Kommentar von talotta ,

ich habe es so verstanden:

...Betriebsaufgaben sind steuerlich begünstigt. Da gibt es 2 Möglichkeiten. Aber da ich noch keine 55 bin fällt Möglichkeit 1 weg und deshalb würde die fünftel Regelung greifen.

Antwort
von Traveller24, 127

Der Kauf des Unternehmens ist keine steuerlicher Aufwand für die GmbH, sondern eine Investition. Sie könnet nur später die Abschreibungen ansetzen, genau wie das Einzelunternehmen auch. Du kannst hier somit keine Steuern sparen.

Kommentar von talotta ,

...nicht für die GmbH aber für mich in der EST durch Betriebsaufgabe. Eine betriebsaufgabe ist steuerlich begünstigt und für die GmbH ist es eine Investition und mindert den Gewinn....  

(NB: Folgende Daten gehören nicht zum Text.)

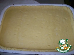 Раскатать тесто в пласт толщиной примерно 1 см, переложить на лист и сформировать бортики 2, 5 -3 см, излишки теста обрезать (из них можно сделать печенье). Наколоть пласт и выпекать 15 мин. при температуре 200 -210 град. почти до полной готовности. -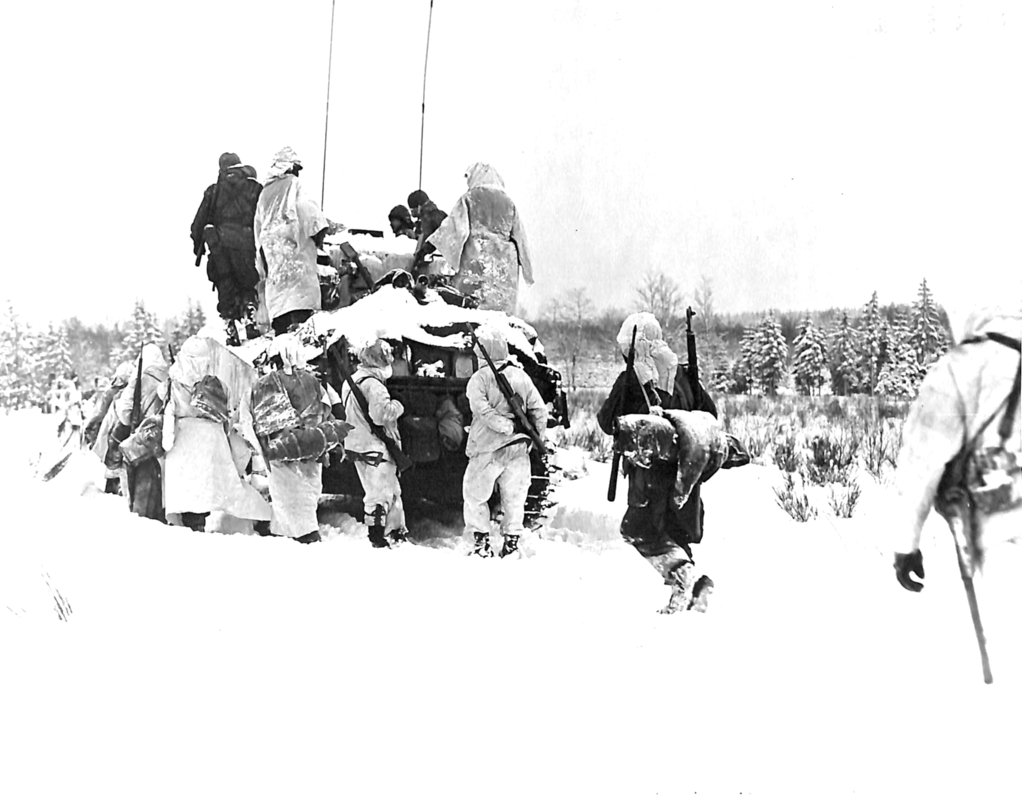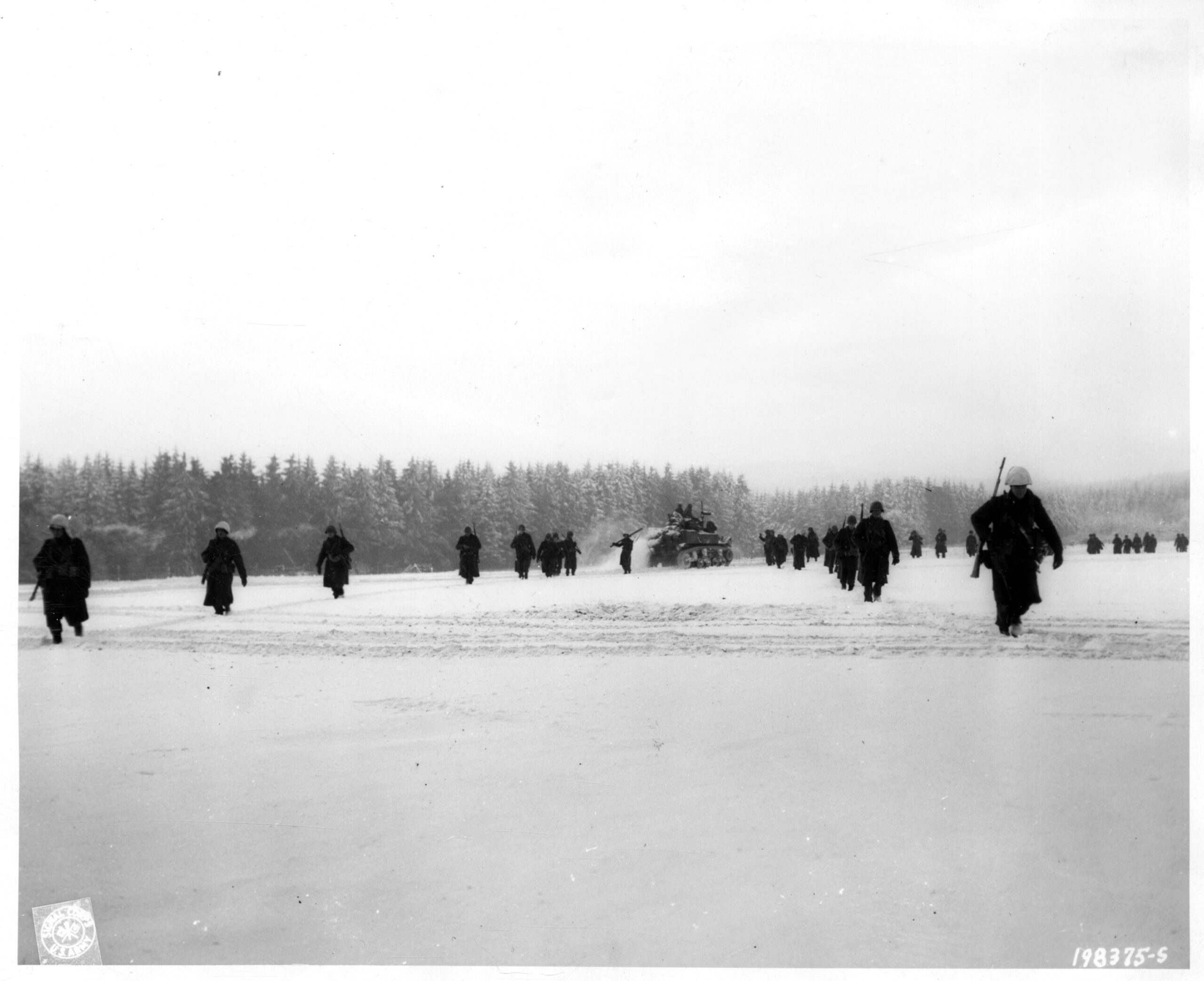 Elements of two American units move forward across a field on the outskirts of Bastogne, Belgium. 44th Armored Infantry Regiment, 6th Armored Division, December 31, 1944.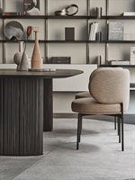 Tavolo con piano intarsiato in legno nella finitura “Ebano Capri”. Disponibile anche con piano in marmo lucido naturale Calacatta Vagli, Bianco Carrara Gioia o Verde Alpi. Basi ovalizzate rivestite in massello fresato di legno nella finitura “Ebano Capri” e dettagli in metallo cromato nero.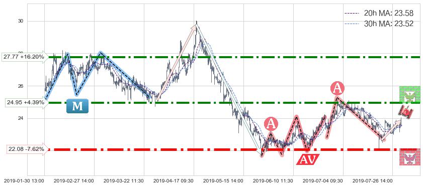 ♘ 阻力价格位24.95,可信任强度73.27%,距离最后交易2019-07-31 15:00形成的收盘价格23.90相差 +4.39%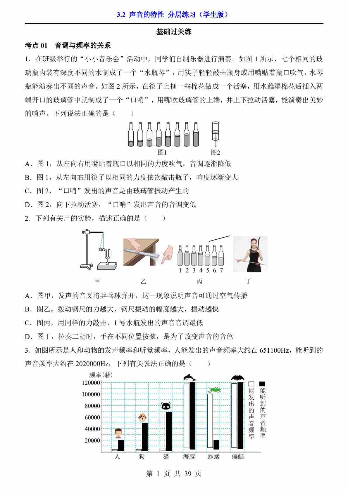 3.2 声音的特性(分层练习)---北师版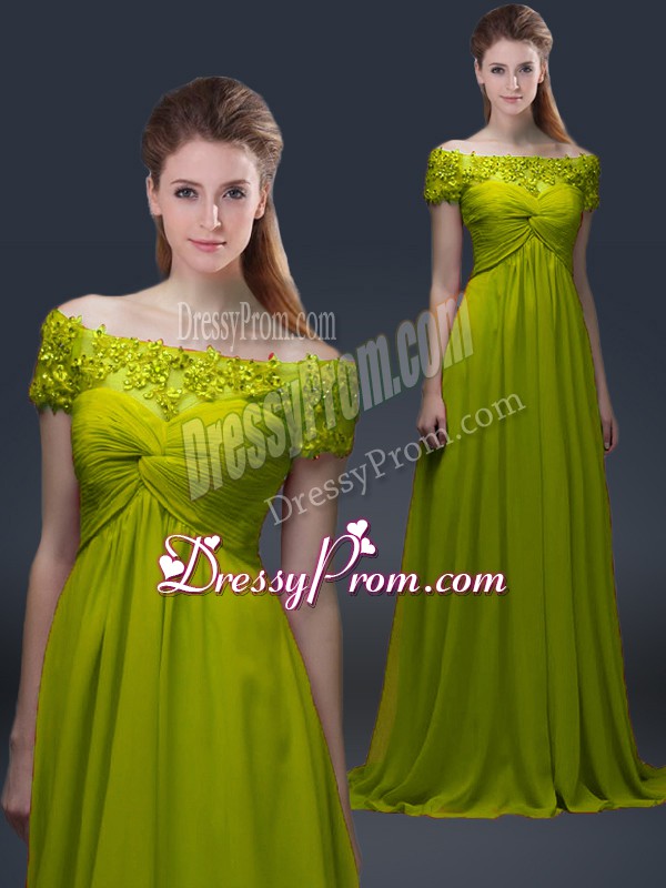 Hot Sale Olive Green A-line Off The Shoulder Short Sleeves Satin Floor Length Lace Up Appliques Evening Dress
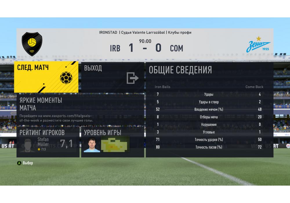 Iron Balls vs Come Back Вторая лига Pro club 4Stars FIFA17 PC (режим профи) Игра заявлена 19 Июня 2017 (#543187)
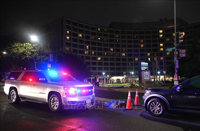 Xe cảnh sát đỗ phía trước khách sạn Washington Hilton ở Washington, D.C., nơi tổ chức buổi dạ tiệc báo chí tối 25/4/2026. Ảnh: THX/TTXVN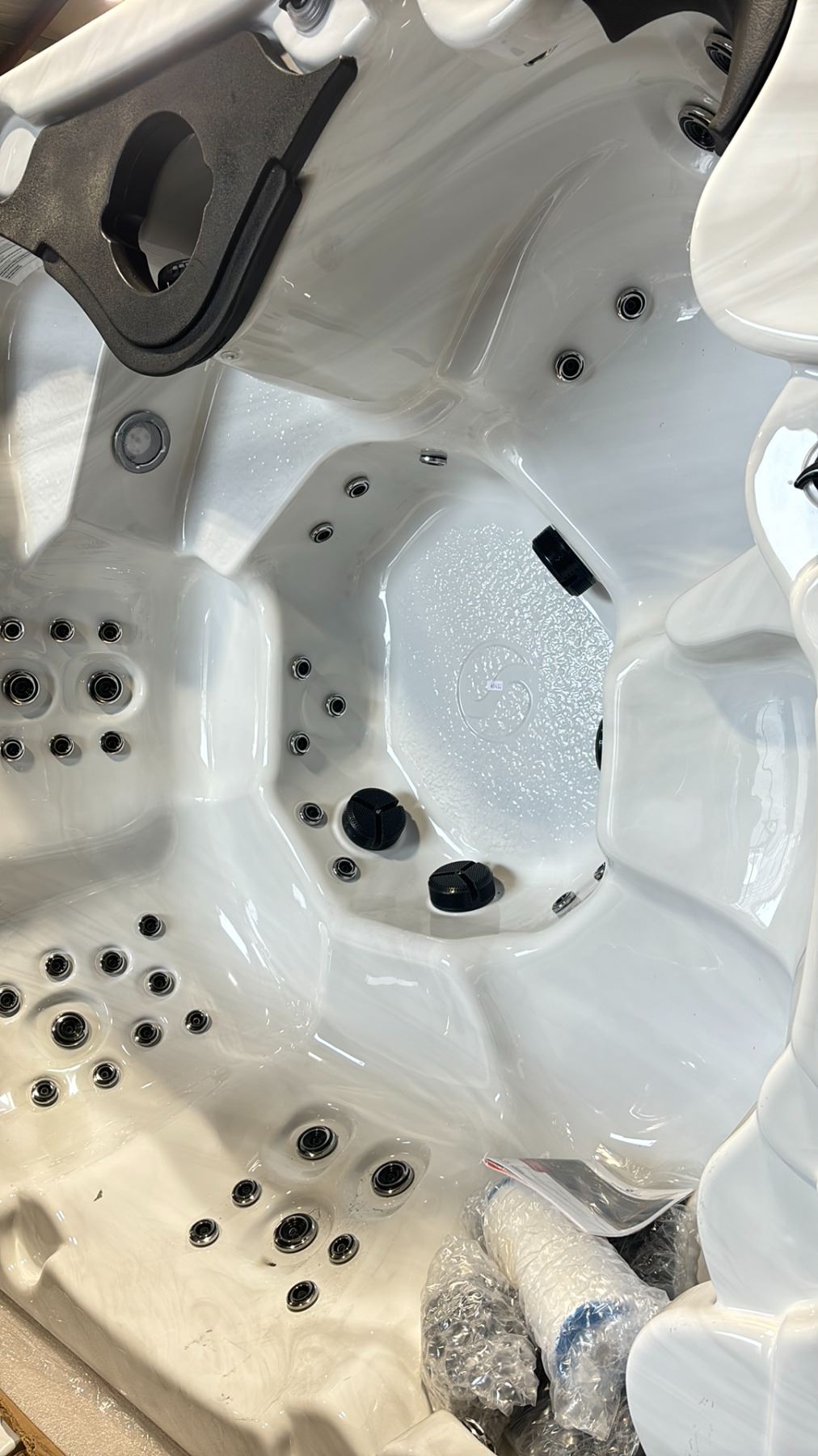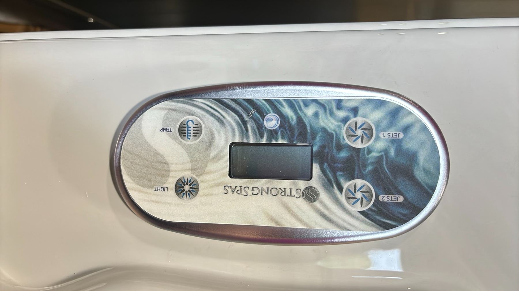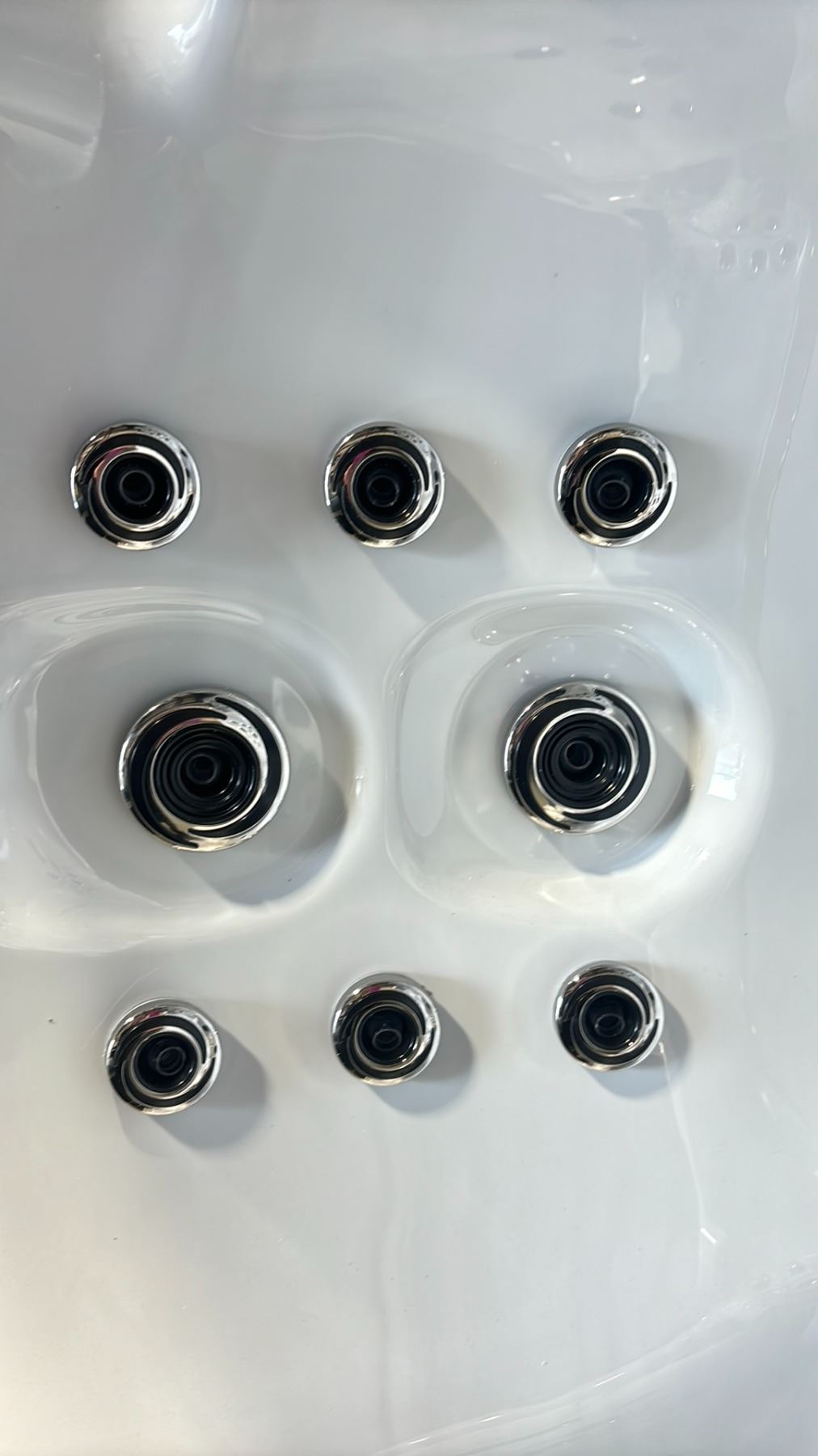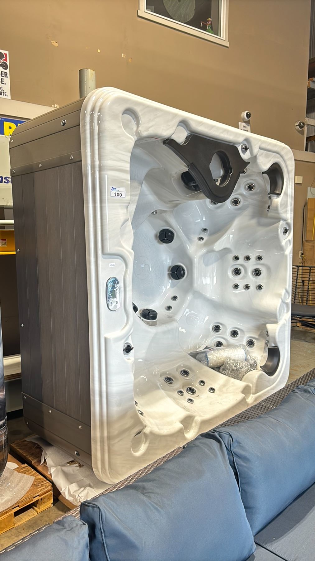 STRONG SPAS VIENNA EMBARK SERIES E70, SEATING CAPACITY 5 NON-LOUNGER, 70 TWO TONE STAINLESS STEEL JETS, OUTERBANKS GREY / STERLING SILVER COLOR DIMENSIONS; 85 X 85 X 36", 2 X 5BHP PUMPS, 240V, SCONCES, UNDERWATER LED, "S" LED CONTROLS, LED WATERFALL, OZONE AND SOFT COVER INCLUDED
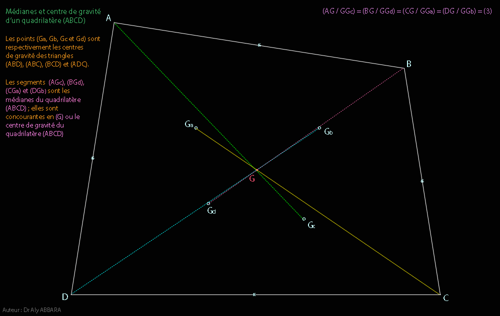 Les segments (AGc), (BGd), (CGa) et (DGb) sont décrits comme étant les médianes du quadrilatère (ABCD).
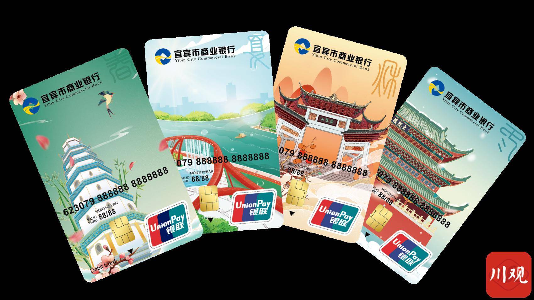 另外,为助力本土文旅品牌建设,该行还从本土文化肌理中萃取灵感,精心打造了以“宜商四景四季”为主题的银行卡系列。累计发行量突破18万张的卡片融合了“春之白塔的灵秀、夏之三江口的壮阔、秋之翠屏山的静谧、冬之大观楼的厚重”,具有观赏收藏价值。这些宜宾标志性景观通过金融产品具象化,让银行卡不仅是便捷的支付工具,更成为行走的“城市名片”,让“万事皆宜・天下为宾”的城市形象更深入人心。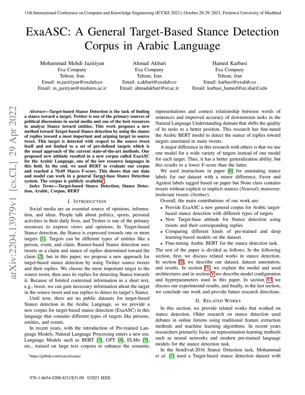 ExaASC: A General Target-Based Stance Detection Corpus in Arabic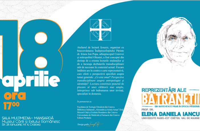 Facultatea de Teologie Ortodoxă din Craiova, în parteneriat cu Biblioteca Județeană „Alexandru și Aristia Aman” Dolj, cu Universitatea de Medicină și Farmacie din Craiova, cu Muzeul Cărții și Exilului Românesc și cu Editura Predania, organizează joi, 18 aprilie 2024, începând cu ora 17, la Muzeul Cărții și Exilului din Craiova, în Sala multimedia – mansardă, cea de a șaptea conferință a Atelierul Synaxis, intitulată „Reprezentări ale bătrâneții în istorie: din Antichitate până în epoca modernă”. Prelegerea va fi susținută de prof. dr. Elena Daniela Iancu, cadru didactic și coordonator de…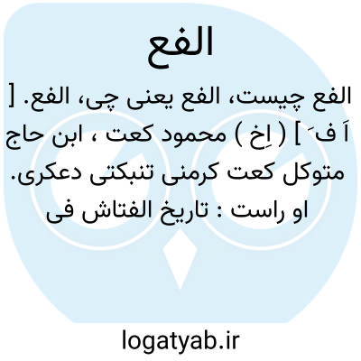 الفع. [ اَ ف َ ] ( اِخ ) محمود کعت، ابن حاج متوکل کعت کرمنی تنبکتی دعکری. او راست: تاریخ الفتاش فی اخبار البلدان والجیوش و اکابرالناس. و یکی از احفاد او بدین کتاب ذیلی نوشته است. تاریخ الفتاش بکوشش استاد هوداس و داماد او موریس و لافرس در پاریس به سال 1913 م. چاپ شده است. ( از معجم المطبوعات ج 1 ستون 464 ).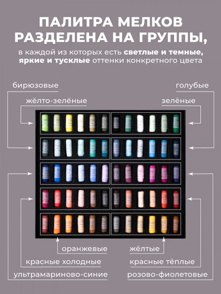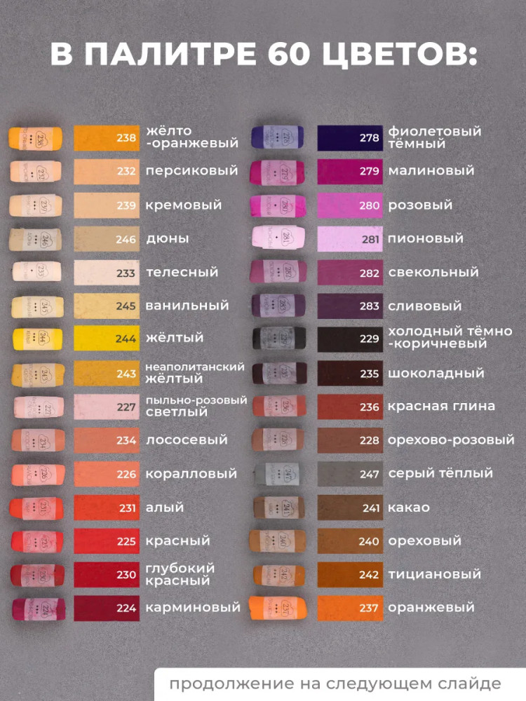 💳 Оплатить за товар можно при получении 🇰🇿 Есть бесплатная доставка по Казахстану от 1 дня 🎁 Копите бонусы с каждой покупки Серия: GrafArt Pro Профессиональная сухая пастель «Малевичъ» GrafArt Pro. На рубашках мелков вся необходимая информация: номер цвета, название и показатель светостойкости. Брусочки мелков круглого сечения (~1.7×3.8 см.) легко и мягко наносятся на пастельную бумагу и хорошо держат сцепление. Переход от тона к тону происходит плавно, позволяя создать сложные по колориту работы. Цвета прекрасно смешиваются между собой, способствуя эффекту бархатной поверхности. Пастель изготавливается вручную, что позволяет контролировать высокое качество и баланс чистого пигмента мелкого помола с натуральным связующим. Набор из 60 оттенков собран таким образом, что позволяет закрыть большинство творческих идей в любых сюжетах. |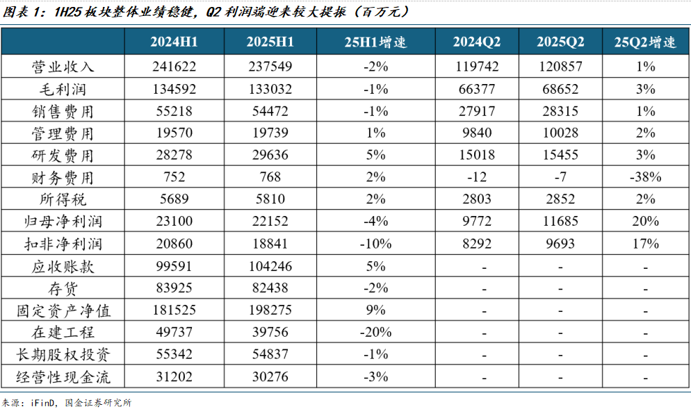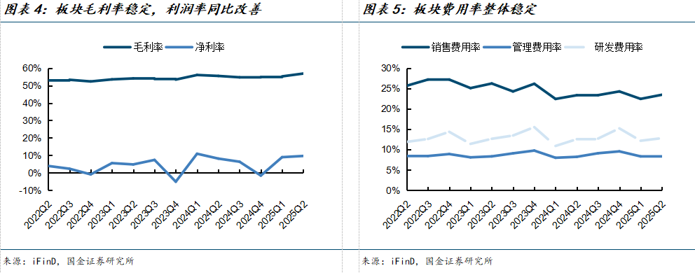药品板块:整体业绩稳健,增长动能从仿制药向创新药切换。药品板块企业(据申万行业分类共选取132家样本企业)2025上半年整体营业收入/归母净利润增速为-2%/-4%,整体业绩稳健;2025Q2营业收入/归母净利润增速为+1%/+20%,板块利润端得益于创新药License out出海、企业运营增效等因素,迎来较大提振。板块销售费用率/管理费用于2025H1增速分别为-1%/+1%,2025Q2增速分别为+1%/+1%,运营费用整体平稳;研发费用于2025H1、2025Q2增速分别为+5%、+3%,增速高于收入增速,创新研发投入力度持续提高。

Kommentar von Traveller24 ,

Investitionen mindern nicht den Gewinn. Den Gewinn mindern die folgenden Abschreibungen, aber die hättest Du als Einzelunternehmer auch.

Ich denke nicht, dass Du hier wirkliche Steuerersparniss erreichen kannst, denn wenn du tatsächlcih einen Veräusserungsgewinn hättest, den Du nach 5tel-Regelung versteuern könnest, dann würde das bedeuten, dass die GmbH ganz erheblichen Firmenwert aktivieren müsstest, der dann über 15 Jahre abzuschreiben ist. Also müsstest Du in einem Jahr die Steuern zahlen, die sich die GmbH über 15 Jahre zurückholt und das ganze dann trotz 5tel-Regelung zu einem geringeren Steuersatz.

Das wäre dann steuerlich ein Minusgeschäft für Dich.

Meines erachtens hast Du hier drei Möglichkeiten:

(1) Du verkaufst zum Buchwert an die GmbH, machst also keinen Veräusserungsgewinn = Keine steuerlichen Auswirkungen im grossen und ganzen

(2) Du verkaufst zu mehr als dem Buchwert und machst einen Veräusserunsggewinn = wie oben beschrieben wohl eher ein steuerliches Minusgeschäft.

(3) Du verkaufst unter Buchwert und erzegst so künstlich einen Veräusserungsverlust = Du sparst erstmal steuern = Das Finanzamt tritt Dir mit Anlauf in den Hintern wegen missbräuchlicher Steuergestaltung.